Yes, we will butcher ourselves. Thanks for the input!


----------



## Simpleterrier (Mar 11, 2021)

Don't jump in to anything. Do your research start small try one type of livestock first. If u are worried about a food or meat shortage look at smaller options first I saw u were interested in feeding cows. Maybe try chickens geese or rabbits first. Then goats or sheep. Hogs and cows can make a mess of u and everything and destroy relationships. If u are looking for a cheaper option u can't do it. Time is money and energy is money not to say money is money. Unless u have knowledge and equipment for animals it cost to get started


----------



## Baymule (Mar 11, 2021)

Start reading the pig forums here on BYH. There is a lot of good information. Study and ask questions.


----------



## Panda Girl (Mar 12, 2021)

yes, i already have some farm animals and have many friends who have farms as well and so have some experience ! thank you!


----------



## Alaskan (Mar 13, 2021)

I have pigs... no idea how you would feed them for free...

If you have wild pigs in the area... just harvest those.

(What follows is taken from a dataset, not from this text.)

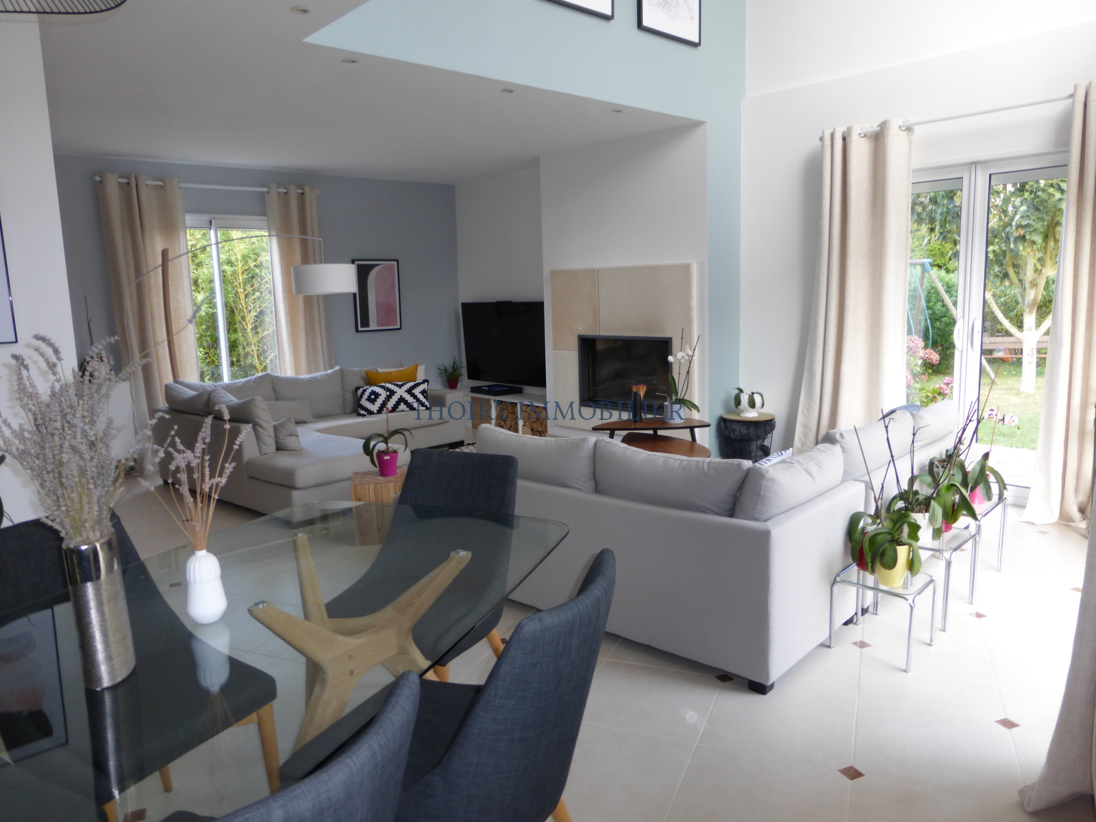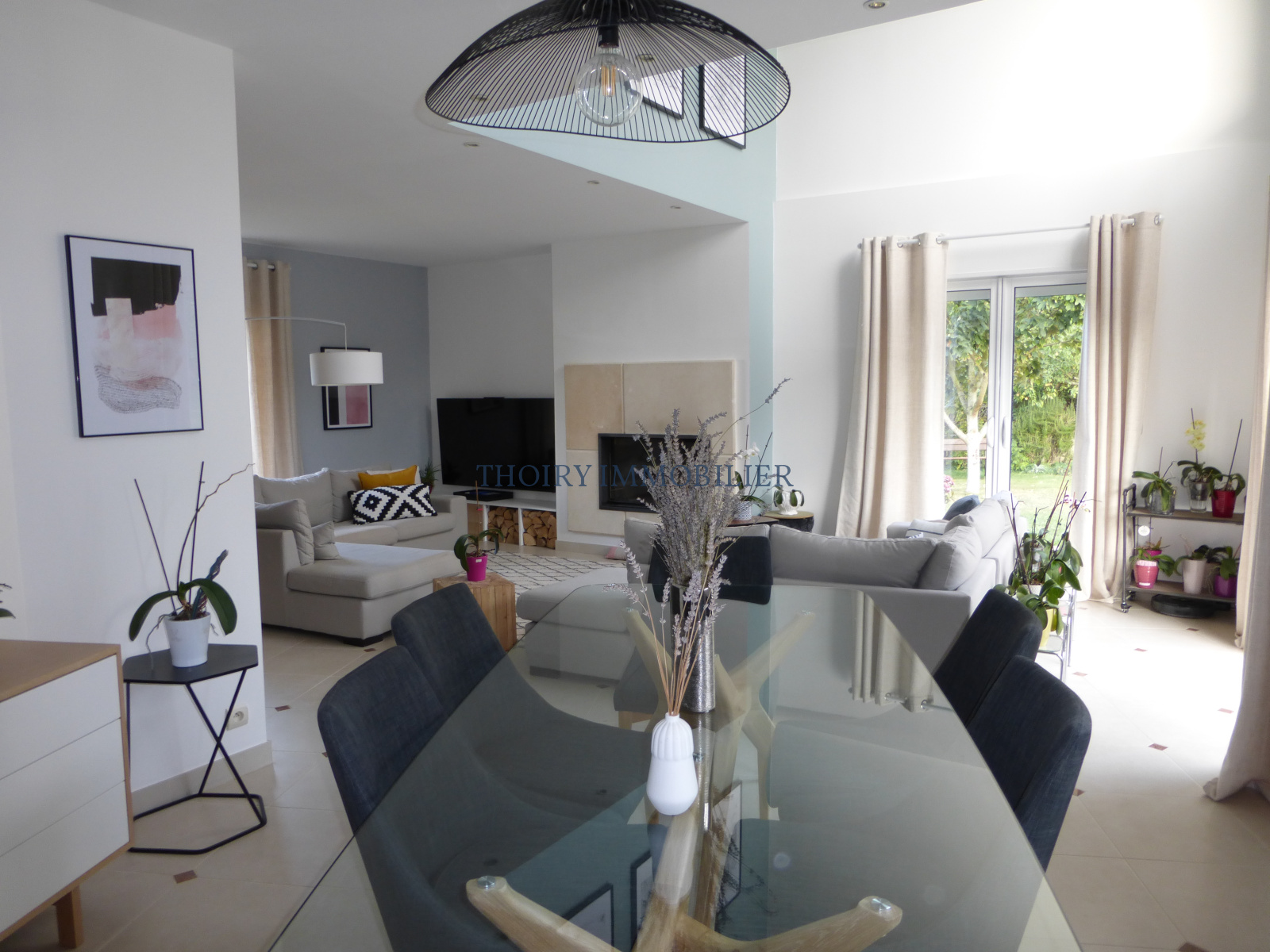 En rez-de-chaussée : Hall d'entrée, toilettes d'invités, une chambre avec douche privative, une cuisine aménagée équipée et un vaste séjour de 56 m², tripe exposition, avec cheminée.

You can slightly reduce feed costs by giving them whatever food you have extra of, but they still eat a bunch.


----------



## Alaskan (Mar 14, 2021)

Least expensive meat I have ever raised was geese...  they grazed the lawn all summer... maybe 90% of their intake was lawn.


----------



## Mini Horses (Mar 14, 2021)

Pigs eat grass as well.  I used to keep an area of high producing grass and cut a couple strips each day, into a bag catcher system.  Then dumped it just cut into them.  They also got pellets but didn't need as much due to grass and extra veg from garden.  I used AGH pigs.   Slower growing but, also smaller to butcher.  Worked well.  I stopped due to not wanting the rooting!   Rooting is a pig thing!!  I just didn't want it.


----------